Barker’s hypothesis: Fetal origins of adult disease

Barker’s hypothesis: Fetal origins of adult disease

Fetal origins of adult disease is popularly known as Barker’s hypothesis. The concept was proposed by David Barker in 1990 and was noted in his book “Fetal and Infant Origins of Adult Disease”, published in 1992. The hypothesis proposed that adverse nutrition in early life as measured by birth weight increased susceptibility to adult diseases like metabolic syndrome with risk for coronary artery disease and stroke. An article by Barker DJ et al in 2009 mentioned that there is clear evidence that the pace and pathway of early growth is a major risk factor for development of chronic diseases including coronary artery disease, stroke, type 2 diabetes mellitus and hypertension [1].

They mentioned that malnutrition during fetal life, infancy and early childhood permanently change the structure and function of the body by ‘programming’. They reviewed the findings of the Helsinki Birth Cohort which had over thirteen thousand persons born during 1934 to 1944. There was an older cohort of over seven thousand persons born between 1924 to 1933. It was found that children who develop coronary artery disease and diabetes mellitus later grow slowly during fetal life and infancy. Thereafter their body mass indices increase rapidly.

Those who develop stroke later was found to grow slowly in fetal life, infancy and childhood. The authors also reviewed how the growth of girls during infancy, childhood and at puberty influences chronic disease in the next generation.

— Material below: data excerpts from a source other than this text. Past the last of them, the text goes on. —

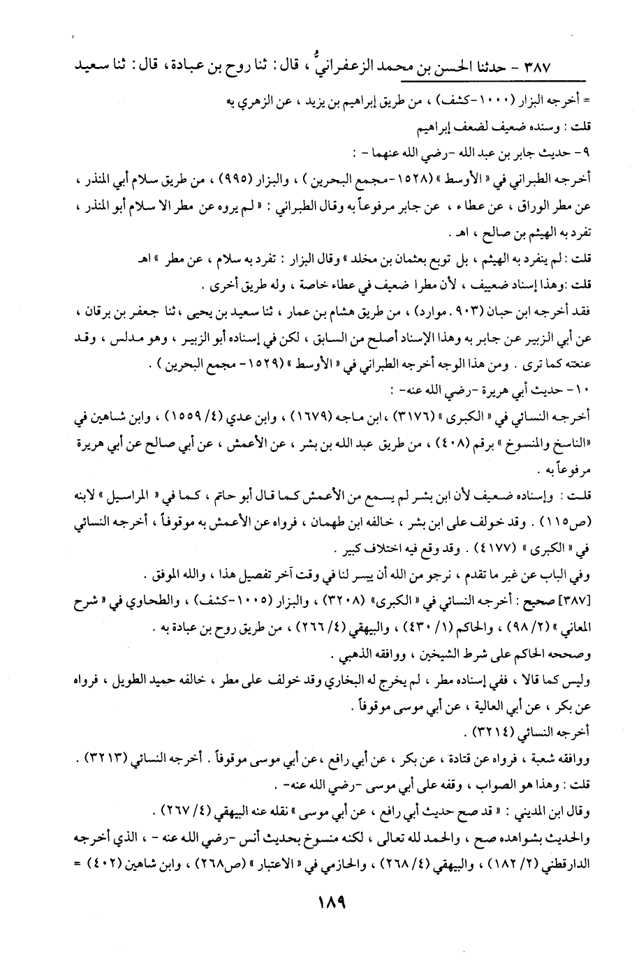387- حَدَّثَنَا الْحَسَنُ بْنُ مُحَمَّدٍ الزَّعْفَرَانِيُّ ، قَالَ : حَدَّثَنَا رَوْحُ بْنُ عُبَادَةَ ، قَالَ : حَدَّثَنَا سَعِيدٌ ، عَنْ مَطَرٍ الْوَرَّاقِ ، عَنْ بَكْرِ بْنِ عَبْدِ اللهِ الْمُزَنِيِّ ، عَنْ أَبِي رَافِعٍ ، قَالَ : دَخَلْتُ عَلَى أَبِي مُوسَى وَهُوَ يَحْتَجِمُ لَيْلاً فَقُلْتُ : لَوْلاَ كَانَ هَذَا نَهَارًا فَقَالَ : أَتَأْمُرُنِي أَنْ أُهَرِيقَ دَمِي وَأَنَا صَائِمٌ وَقَدْ سَمِعْتُ رَسُولَ اللهِ صَلَّى اللَّهُ عَلَيْهِ وَسَلَّمَ يَقُولُ : أَفْطَرَ الْحَاجِمُ وَالْمَحْجُومُ.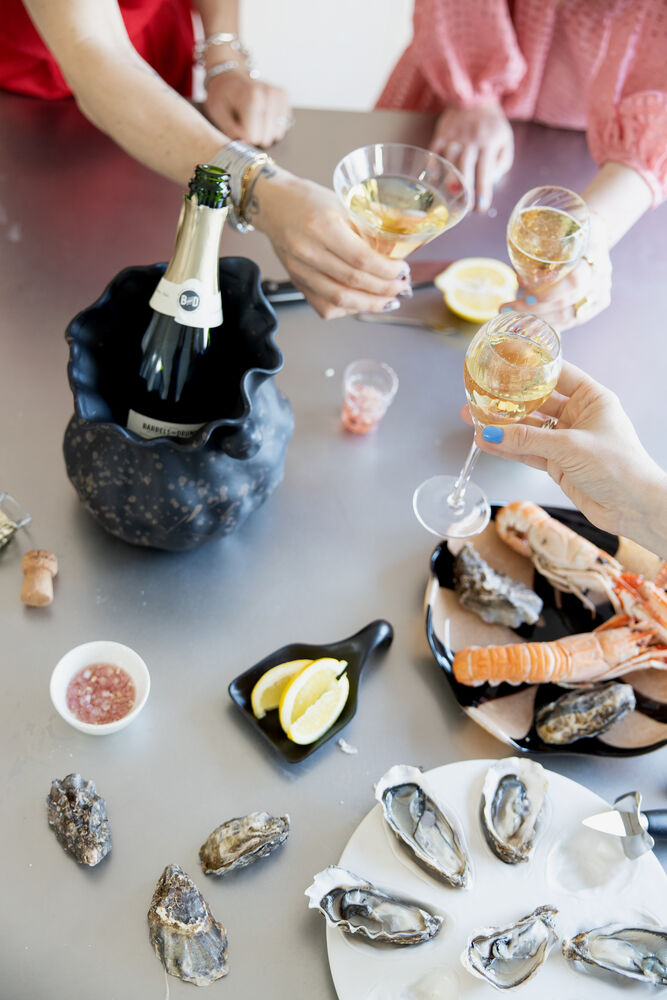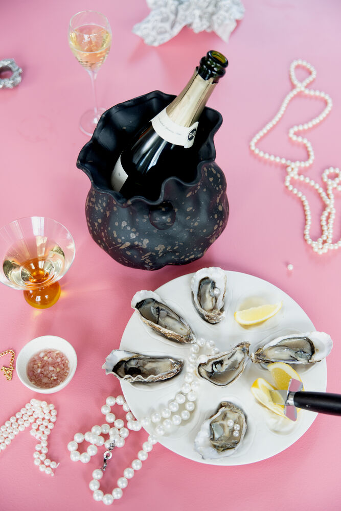 Under overflaten skjuler det seg en verden av uforutsigbare former og vakre materialer. Vi spiser av skjell, tar imot grove overflater og bytter ut glitter med saltsprut. Havet flytter inn når vi pynter og dekker på, rett og slett fordi vi ikke kan motstå lekenheten. Serveringsfatet Oyster er et resultat av når havets dyp gjør avtrykk i vår skapelse.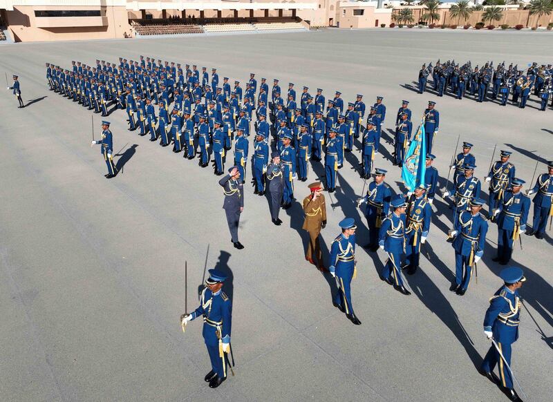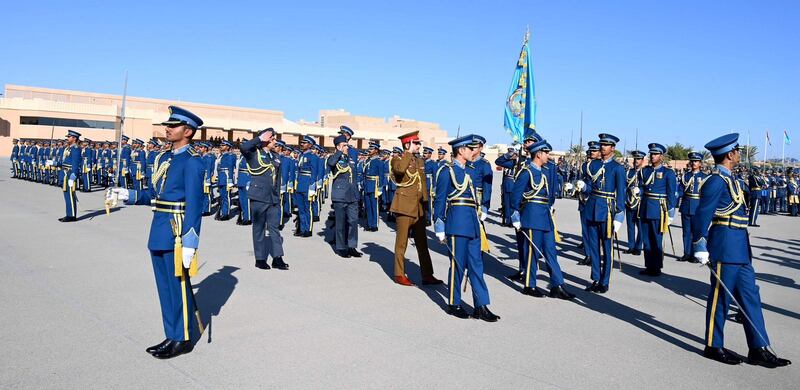 وقد بدأت مراسم حفل التخريج بالتحية العسكرية لصاحب السمو السيد وزير الثقافة والرياضة والشباب راعي المناسبة لدى وصوله ميدان الاحتفال، وعزفت فرقة موسيقى سلاح الجو السلطاني العُماني السلام السلطاني، ثم قام سموه بتفتيش الصف الأمامي من طابور الخريجين، عقب ذلك قدّم طابور الخريجين استعراضًا بالمشاة العسكرية تتقدمهم راية أكاديمية السلطان قابوس الجوية مرورًا من أمام المنصة الرئيسية بمصاحبة المعزوفات الموسيقية العسكرية، ثم تقدم الطابور بهيئة الاستعراض إلى الأمام.

Calkins K et al who reviewed the concept in 2019 noted that clues to the fetal origin of adult disease concept originally arose from large 20th century European registries [2]. They mention that large diverse human cohorts and various animal models have extensively replicated these original observations. They considered that the implications were beyond the low birth weight population and include babies exposed to nutritional and non-nutritional stress during critical periods of development. Several diseases other than cardiovascular disorders also come under the purview of this concept.

The so-called ‘catch-up growth’ of low birth weight children may not be that ideal though caregivers often consider it as comforting. Catch-up growth reflects body’s natural response to nutrient deprivation. But this exponential childhood growth increases the risk for metabolic syndrome characterized by obesity, insulin resistance, dyslipidemia and hypertension.

The thrifty phenotype hypothesis proposes that poor nutrition in early life produces permanent changes in glucose-insulin metabolism. This is considered as the reason for epidemiological associations between poor fetal growth and later development of type 2 diabetes and metabolic syndrome. There is reduced capacity to secrete insulin and insulin resistance. These combined with effects of obesity, ageing and physical inactivity are the most important factors determining the development of type 2 diabetes [3].

References

1. Barker DJ, Osmond C, Kajantie E, Eriksson JG. Growth and chronic disease: findings in the Helsinki Birth Cohort. Ann Hum Biol. 2009 Sep-Oct;36(5):445-58. doi: 10.1080/03014460902980295. PMID: 19562567.
2. Calkins K, Devaskar SU. Fetal origins of adult disease. Curr Probl Pediatr Adolesc Health Care. 2011 Jul;41(6):158-76. doi: 10.1016/j.cppeds.2011.01.001. PMID: 21684471; PMCID: PMC4608552.
3. Hales CN, Barker DJ. The thrifty phenotype hypothesis. Br Med Bull. 2001;60:5-20. doi: 10.1093/bmb/60.1.5. PMID: 11809615.